Yanga National Park – also known as Murrumbidgee Valley National Park – is a naturally and historically fascinating area that forms part of the Lower Murrumbidgee floodplain. The park includes magnificent river frontage, wetlands, lakes and breeding grounds for a range of waterbirds. It boasts more than 22,000ha of river red gum forest, black box-nitre goosefoot swamp, belah-rosewood woodlands, native grasslands and saltbush plains. The area is a haven for bushwalkers and bird-watchers. It also offers various riverside campgrounds and fantastic spots to cast a fishing line.
For more than 160 years Yanga was a working pastoral, cropping and irrigation property; a heritage that’s still palpable. Diverse and ancient history is abundant in an area once populated by Aboriginal families, explorers and pioneers, shearers and rabbit trappers. The famous Burke and Wills also travelled this region.

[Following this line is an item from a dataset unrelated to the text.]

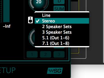 监听格式可以选择最多3对立体声监听或环绕声格式,由于测试机为8×8 MkII版本,环绕声最高可选7.1输出
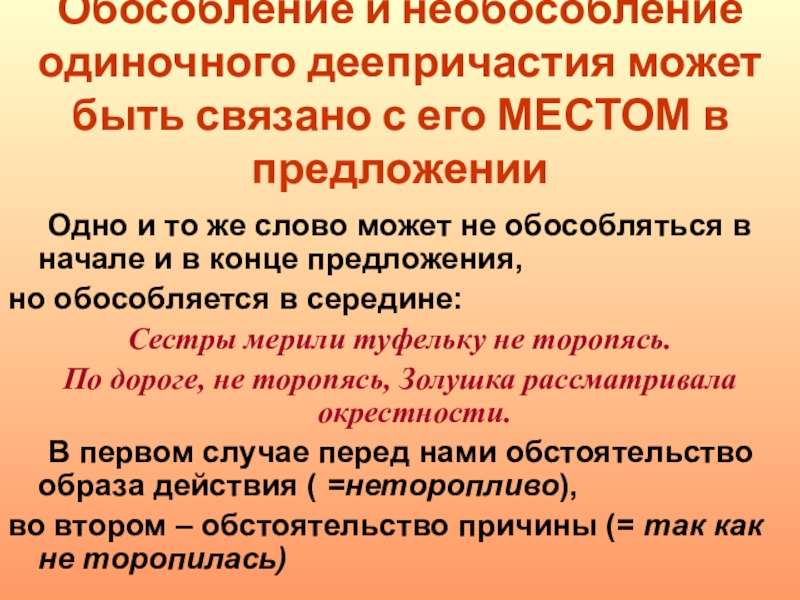 Одно и то же слово может не обособляться в начале и в конце предложения,

Scar trees, ovens, middens and other artefacts are scattered throughout the park, while the restored Yanga Homestead and Woolshed are open for visitors to explore. The woolshed is well worth a visit as it houses an interpretive display describing historical aspects of Yanga Station, riverboat trade, pastoral life in the western Riverina and the evolution of the Lower Murrumbidgee floodplain. Located just 8km south-east of Balranald off the Sturt Highway, Yanga National Park is perfect for an exciting day trip or an enthralling overnight escape.